Write 28 as a product of prime factors.
Understand the Problem
The question is asking for the prime factorization of the number 28. To solve this, we will break down 28 into its prime factors, starting by dividing it by the smallest prime number and continuing until we can no longer divide.
Answer
The prime factorization of 28 is $2^2 \times 7$.
Answer for screen readers
The prime factorization of 28 is $2^2 \times 7$.
Steps to Solve
- Start with the number 28
We begin with 28 and look for the smallest prime number that can divide it. The smallest prime number is 2.
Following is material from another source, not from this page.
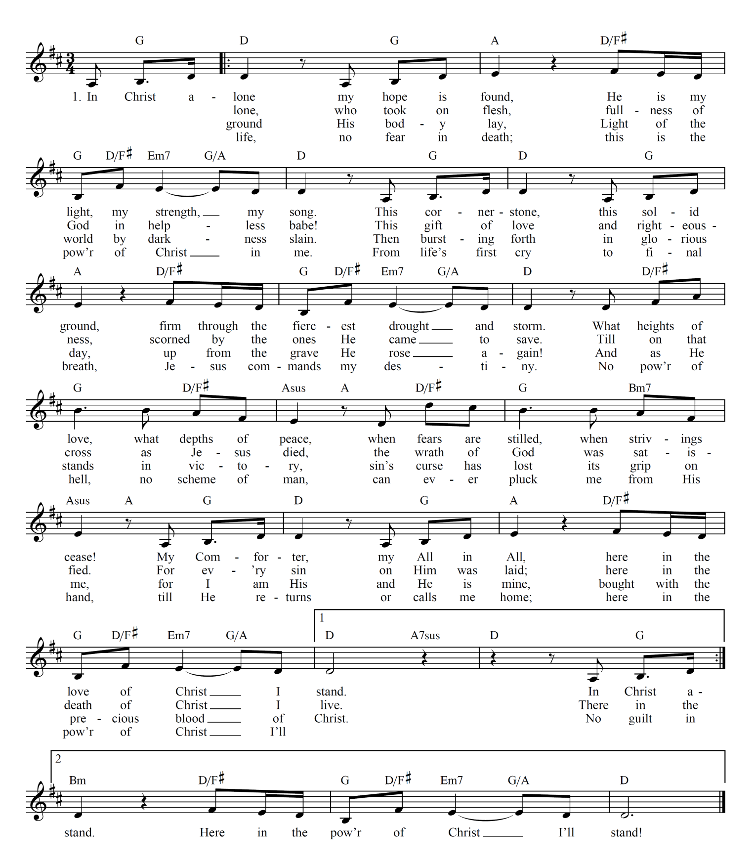
Reprinted with permission under ONE LICENSE #A-738827. All rights reserved.

Words and Music by KEITH GETTY and STUART TOWNEND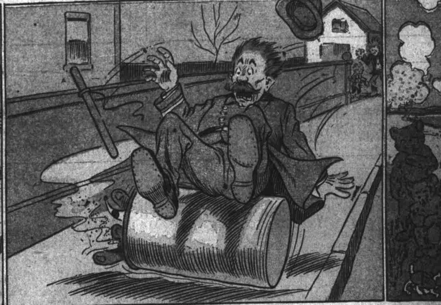
4. They roll and roll along the street And knock a policeman from his feet— They hear the threatening, angry man, And wish they'd never seen the can.

- Divide by the smallest prime number
We divide 28 by 2: $$ 28 \div 2 = 14 $$
- Repeat division with 2
Next, we divide 14 by 2 again: $$ 14 \div 2 = 7 $$
- Check if the result is prime
Now we have 7, which is a prime number. Since 7 cannot be divided by any other prime numbers, we can stop here.
- List the prime factors
We found that: $$ 28 = 2 \times 2 \times 7 $$ or in exponent form, $$ 28 = 2^2 \times 7^1 $$
The prime factorization of 28 is $2^2 \times 7$.
More Information
The number 28 is made up of the prime factors 2 and 7, where 2 appears twice. Prime factorization is important in many areas of mathematics, including number theory and simplifying fractions.
Tips
Some common mistakes include:
- Forgetting to test if the last result is a prime number.
- Dividing by a non-prime number instead of the smallest prime.
- Overlooking the need to express the factors in proper prime factorization format.